The varying size of ready-to-wear clothing is tiresome for one main reason: you can’t order things online or pick up something in a shop and know that it will actually fit.

It’s been happening for ages — brands create pieces to be smaller than the 'acknowledged' size (e.g. when a size 8 actually fits a size 10-12) to flatter buyers and encourage sales. This is pretty inconvenient when something’s too big (a case of classic and seemingly kind of pointless 'vanity sizing') but it happens the other way round as well — when you're forced to buy bigger sizes. It is FAR worse when you’re made to feel bad by teeny weeny clothing.

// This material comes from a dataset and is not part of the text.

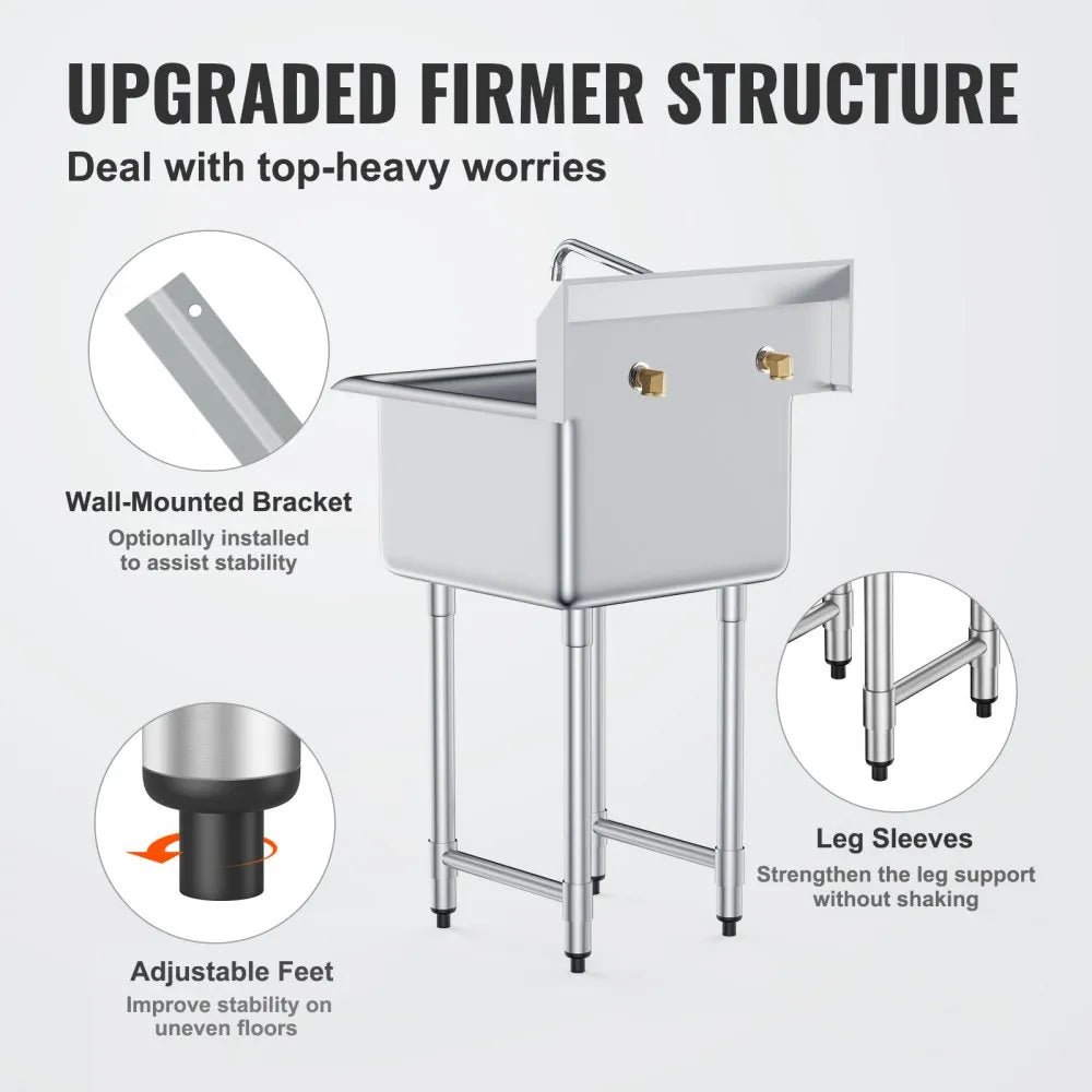 Experience the durability and efficiency of the VEVOR stainless steel prep sink, crafted from premium stainless steel that guarantees long-lasting performance and leak resistance With expertly designed corners featuring perfect welds, this sink effectively prevents any water from escaping, making it a robust choice for commercial environments

That’s what happened to Ruth Clemens when she was trying on jeans at the H&M in Leeds, so she did what any sensible gal would have done and wrote an open letter to the store on Facebook…

She said:

'Dear H&M,

I was browsing your sale items in your Leeds store and spotted this pair of kick flare jeans. They were only a tenner - bargain! - and a size 16. I'm normally a size 14 on my hips (occasionally 16 if buying trousers) so I thought I'd try them on. It did not go well.

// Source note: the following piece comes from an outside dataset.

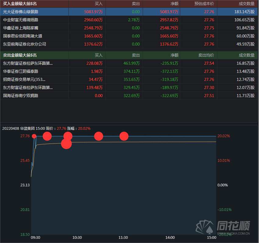 華藍集團,龍虎榜數(shù)據(jù)顯示,光大證券佛山綠景路5084萬元主封,成本集中于漲停板附近,中金財富無錫清揚路買入2961萬元,華鑫證券上海陸家嘴買入2549萬元。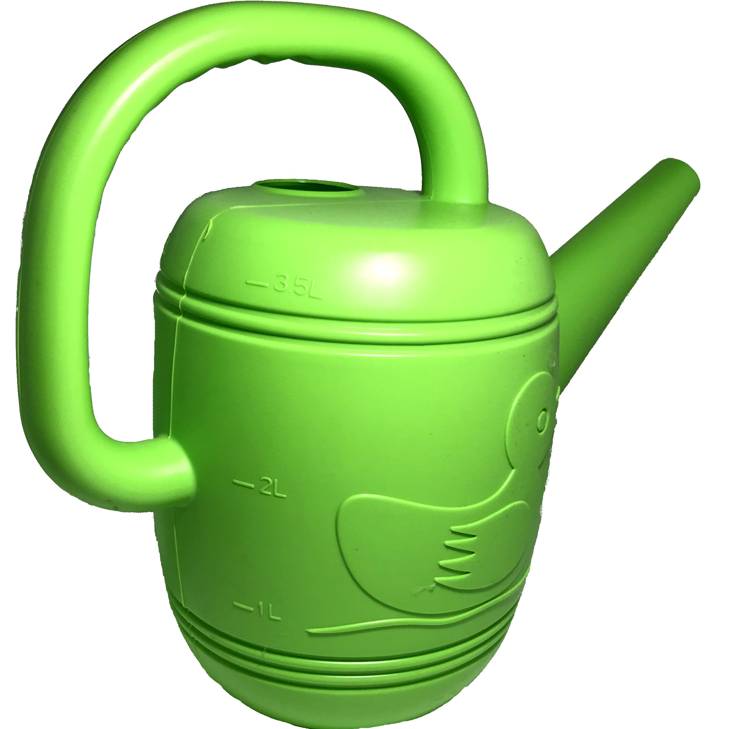 Детская лейка сделана из пластмассы. Длина лейки - 34,5 см. Лейка вмещает 1,5 л (воды). Детская лейка овальная с дугообразной большой удобной ручкой и широким мощным носиком для интенсивного полива.

As I'm sure you're aware, size 16 is the largest size you stock (apart from in your plus size range, which is very limited in store and does not offer the range of styles for the fashion-conscious that are available in smaller sizes).

I am not overweight (not that that should matter) and although I'm 5 foot 11 my body is pretty average shape-wise. It's already difficult enough for me to find clothes that fit well because of my height, why are you making jeans that are unrealistically small? Am I too fat for your everyday range? Should I just accept that accessible and affordable high street and on-trend fashion isn't for people like me?

You might recognise the top I'm wearing - it's one of yours and it's a size Medium. Sort it out would you.

‪#‎whatdoesplussizeevenmean‬ ‪#‎bodypositive‬ ‪#‎fashionforall‬

Also vote remain'

Our sentiments exactly — on all accounts.

H&M responded to Ruth explaining that all the clothing varies in size, which didn't go down too well with the internet public who seem to find the Swedish store a particular offender when it comes to small sizing.

It's not just H&M though, the high street sizing charts are all over the place. In fact, according to Pinterest, H&M is pretty average.